Two proposals for rehabilitating the former Fairfield Library in North Buffalo were weighed by residents attending a public meeting Wednesday in St. Mary's School for the Deaf.
David E. Pawlik, a partner in Creative Structures Services of Buffalo, wants to turn the vacant 6,300-square-foot property at 1659 Amherst St. into a five-unit apartment house.
Tom Breen and Steven Fabian, college professors who live in the city's Allentown neighborhood, want to use the city-owned structure as their home and to take on the extensive renovation project themselves.
Pawlik won't move ahead with his plans if the city designates the shuttered property a local landmark because, he said, it would increase the amount of red tape and would likely delay his plans to begin the renovation by August. Breen and Fabian would welcome the landmark designation status, but they said it was not vital to their plans.
That left members of the Parkside Community Association and other neighborhood residents attending the meeting called by Masten Council Member Demone Smith in a quandary as to whether Pawlik would respect the architectural integrity of the building or whether the college professors had the resources to tackle the renovation themselves.

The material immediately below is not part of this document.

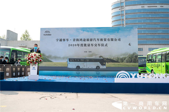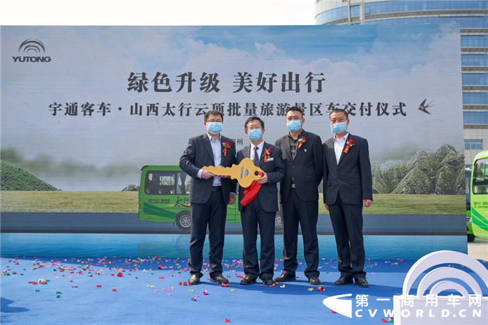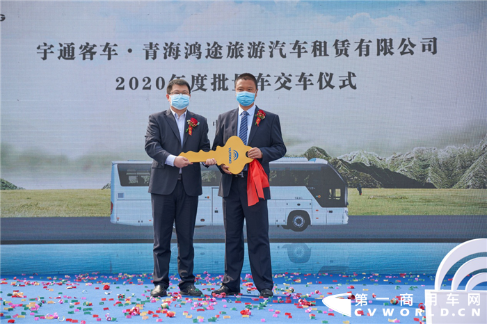 4月7日,在河南郑州宇通工业园内,批量宇通旅游客车正式交付山西陵川县太行云顶旅游开发有限公司(以下简称“太行云顶旅游公司”)、青海鸿途旅游汽车租赁有限公司(以下简称“青海鸿途旅业”)和青海龙途旅游汽车租赁有限公司(以下简称“青海龙途旅汽”)三家客户,其交付车型均为针对客户需求定制化打造的高端旅游客车,而交付山西的车型也是宇通在全国的首批国六高端景区车。该批车的交付开启了宇通旅游客运市场高端定制化的新篇章,为旅游客运市场高质量发展提供了支撑和参考。

Paul MacDonald, chairman of the Buffalo Preservation Board, who, along with board member Tim Tielman, attended Wednesday's meeting, said the fact that the 115-year-old building was designed by two of Buffalo's most prolific and renowned architects, E.B. Green and William Wicks, earned it landmark status.

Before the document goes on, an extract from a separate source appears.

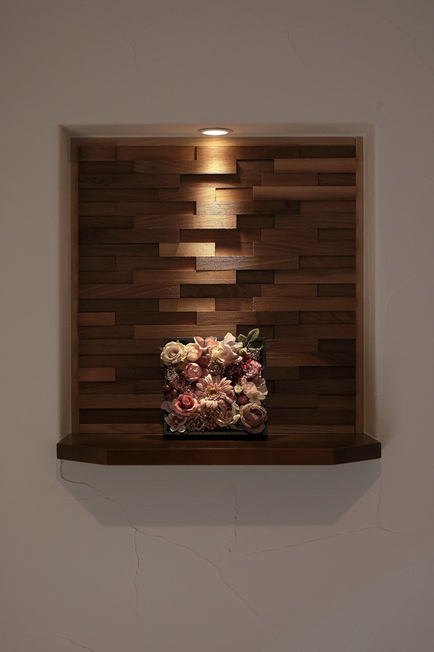 インスタで家づくりについて色々調べていたのですが、そこで見つけたエコカラットをテレビの背面壁に採用しました。照明の感じとも合わさって、落ち着いた空間になりデザイン性も高まりました。

"One of the things that landmarking does is it makes sure that the historic fabric of the building is maintained. Therefore, historic [features], like the shingles, the clapboard, the wood windows are really restored," MacDonald said.
Pawlik's plans for the property, which he would call Fairfield Commons, would cost an estimated $800,000, while Breen and Fabian estimated their self-funded plan to stabilize and restore the building to habitability would cost about $40,000.

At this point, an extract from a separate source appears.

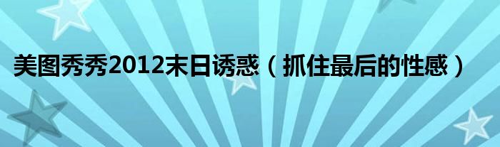 大家好,今天小悦来为大家解答以上问题。美图秀秀2012末日诱惑,抓住最后的性感很多人还不知道,现在让我们一起来看看吧!

Some of the 45 people attending Wednesday's meeting expressed skepticism that the college professors could take on the asbestos removal, a new roof and other rehabilitative work for such a low cost.
"It's nice to be able to come up with a concept, but if you can't follow up with that concept [because] you don't have the deliverable goods, then, you know what? It's just a pie in the sky," Pawlik said.
Breen, who is an assistant professor in the department of interior design at Buffalo State College, said he brings construction and design experience to the proposed project.